13. A battery comprising:

a negative electrode containing the negative electrode active material according to claim 1;

a positive electrode; and

an electrolyte.

14. The battery according to claim 13, wherein the electrolyte contains an electrolytic solution.

15. The battery according to claim 14, wherein the electrolytic solution contains fluoroethylene carbonate.

16. A battery pack comprising:

the battery according to claim 13; and

a control unit configured to control the battery.

17. An electronic device comprising the battery according to claim 13, wherein

the electronic device receives power supply from the battery.

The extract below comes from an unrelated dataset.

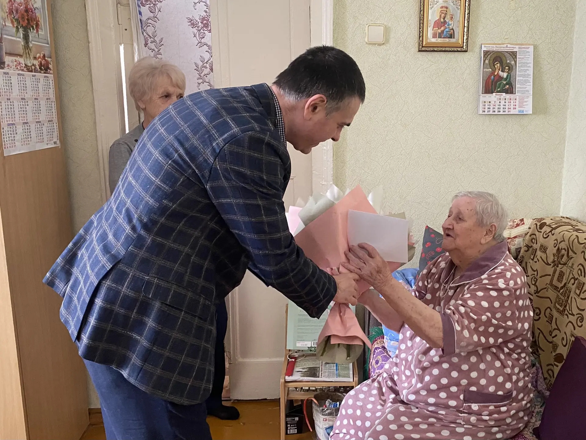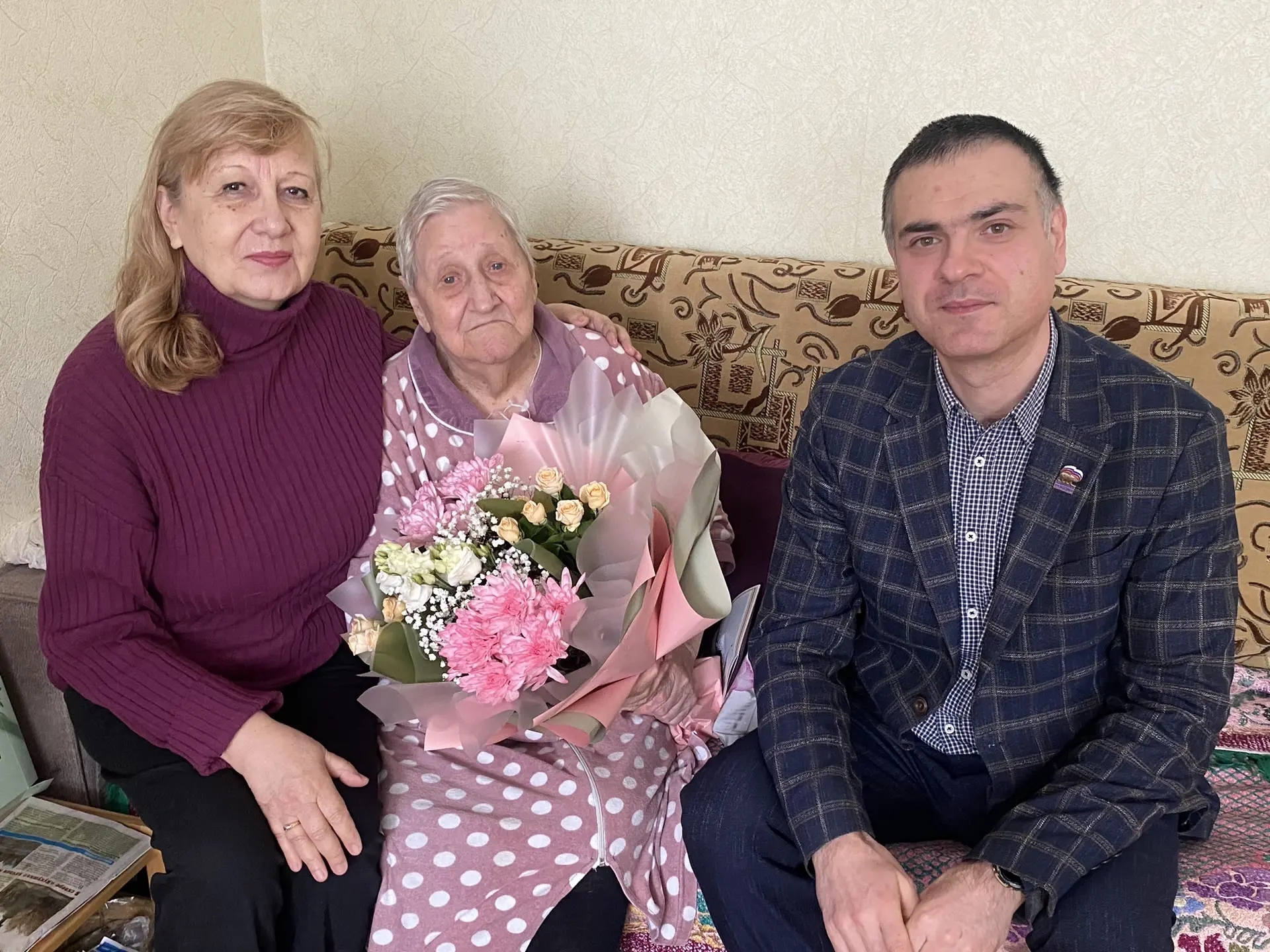 10 марта 2026 года ветерана торжественно поздравили глава администрации Железнодорожного района города Пензы Андрей Шулькин и помощник депутата Пензенской городской Думы Николая Кузякова – Галина Губанова.

18. An electrically driven vehicle comprising:

the battery according to claim 13;

a converter configured to receive power supply from the battery and convert the power into a driving force of the vehicle; and

a controller configured to perform information processing on vehicle control based on information on the battery.

19. A power storage apparatus comprising the battery according to claim 13, wherein

the power storage apparatus supplies power to an electronic device connected to the battery.

20. A power system comprising the battery according to claim 13, wherein

the power system receives power supply from the battery.